2. The Next Level of Data Visualization in Python

3. A step-by-step guide for creating advanced Python data visualizations with Seaborn / Matplotlib

4. Matplotlib Cheat Sheet

What type of chart is best for continuous data?

Line charts are among the most frequently used chart types. Use lines when you have a continuous data set. These are best suited for trend-based visualizations of data over a period of time, when the number of data points is very high (more than 20).

How do you show continuous data distribution?

A histogram shows the distribution of a continuous variable and, since the variable is continuous, there should be no gaps between the bars. A bar chart shows the distribution of a discrete variable or a categorical one, and so will have spaces between the bars.

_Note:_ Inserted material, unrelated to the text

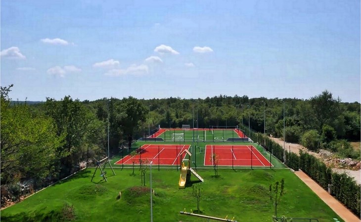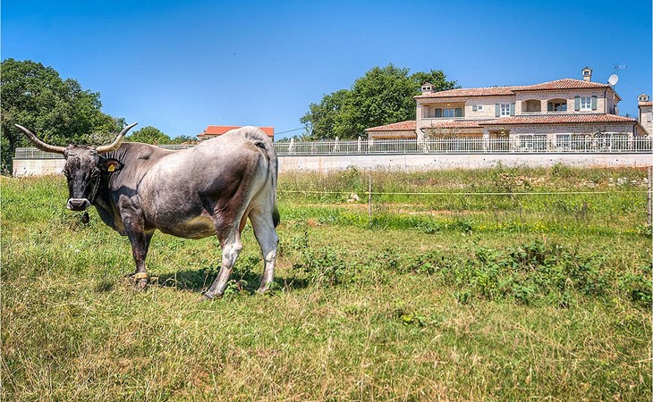 Deze droomvilla maakt samen met Villa Elli, Villa Elena en Villa Zoe deel uit van een luxeproject met 5600 m2 eigen grond, dat de gasten van deze 4 villa's een biologische tuin met seizoensgroenten, openluchtfitness, 2 tennisbanen, 2 jeu de boulesbanen en sportvelden voor handbal, voetbal, basketbal en volleybal biedt. Voor een echte Istrische ervaring kun je ook 3 Boskarins, witgrijze langhoornige runderen, het symbool van de regio, op het landgoed bekijken.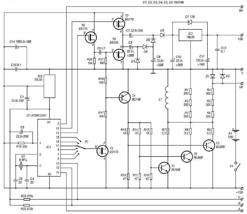Главной составной частью всей конструкции является модуль формирования импульсов и синхронизации, выполненный на микропроцессоре IC1 типа АТ89С2051 фирмы ATMEL и обеспечивающий формирование импульсов для передатчика, а также сигналов, управляющих работой всех остальных блоков. Рабочая частота микроконтроллера IC1 стабилизирована кварцевым резонатором (6 МГц). При указанном значении рабочей частоты микропроцессор формирует периодическую последовательность управляющих импульсов для различных каскадов металлодетектора. Первоначально на выводе IC1/14 микропроцессора формируется управляющий импульс для транзистора Т6, после окончания которого на выводе IC1/15 формируется аналогичный импульс для транзистора Т7. Затем этот процесс повторяется еще раз. В результате происходит запуск преобразователя напряжения. Далее, последовательно на выводах IC1/8, IC1/7, IC1/6, IC1/17, IC1/16 и IC1/18 формируются импульсы запуска передатчика. При этом указанные импульсы имеют одинаковую длительность, но каждый последующий импульс задержан относительно предыдущего на несколько тактов. Начало первого импульса, сформированного на выводе IC1/8, совпадает с серединой второго импульса на выводе IC1/15. С помощью переключателя Р1 можно выбрать время задержки импульса запуска передатчика по отношению к стартовому импульсу. Через несколько тактов после окончания импульса на выводе IC1/18 короткий стробирующий импульс для усилителя-анализатора формируется на выводе IC1/2. В отличие от ранее рассмотренной схемы в данном приборе на этом же выводе микроконтроллера через несколько тактов формируется второй стробирующий импульс. Помимо этого на выводах IC1/12 и IC1/13 микропроцессора формируются управляющие сигналы для транзисторов Т31 и Т32 блока приемника. Середина управляющего импульса для транзистора Т31 совпадает с серединой первого стробирующего импульса на выводе IC1/2, однако длительность импульса на выводе IC1/12 почти в два раза больше. При этом указанный импульс имеет отрицательную полярность. Начало управляющего импульсного сигнала на выводе IC1/13 почти совпадает с серединой второго импульса на выводе IC1/14 микроконтроллера, заканчивается же он через несколько тактов после окончания второго стробирующего импульса, формируемого на выводе IC1/2. Затем на выводе IC1/11 формируется управляющий сигнал для транзистора Т35 схемы акустической сигнализации блока приемника. После небольшой паузы последовательность управляющих импульсов на соответствующих выходах микроконтроллера формируется вновь. Питающее напряжение +5 В, предварительно стабилизированное микросхемой IC2, подается на вывод IC1/20 микроконтроллера. Преобразователь напряжения, выполненный на транзисторах Т6-Т8 и стабилизаторе IC3, обеспечивает формирование питающего напряжения +5 В, необходимого для питания каскадов приемной части. Управляющие сигналы для транзисторов Т7 и Т8 формируются на соответствующих выводах микроконтроллера IC1, при этом на транзистор Т8 этот сигнал подается через преобразователь уровня, собранный на транзисторе Т6. Далее сформированное питающее напряжение стабилизируется микросхемой IC3, с выхода которой напряжение +5 В поступает на каскады приемника. Выходные каскады передатчика выполнены на мощных транзисторах Т1, Т2 и Т3, работающих на общую нагрузку, в качестве которой выступает катушка L1, шунти

Which chart would you use to show a relationship between two continuous variables?

Scatter plots are used to display the relationship between two continuous variables x and y.

Which chart would you use to show the change in a continuous variable over time?

. . . a Line graph. Line graphs are used to track changes over short and long periods of time. When smaller changes exist, line graphs are better to use than bar graphs. Line graphs can also be used to compare changes over the same period of time for more than one group.

Which type of chart is used to display the distribution of a variable?

A histogram is a chart that plots the distribution of a numeric variable's values as a series of bars.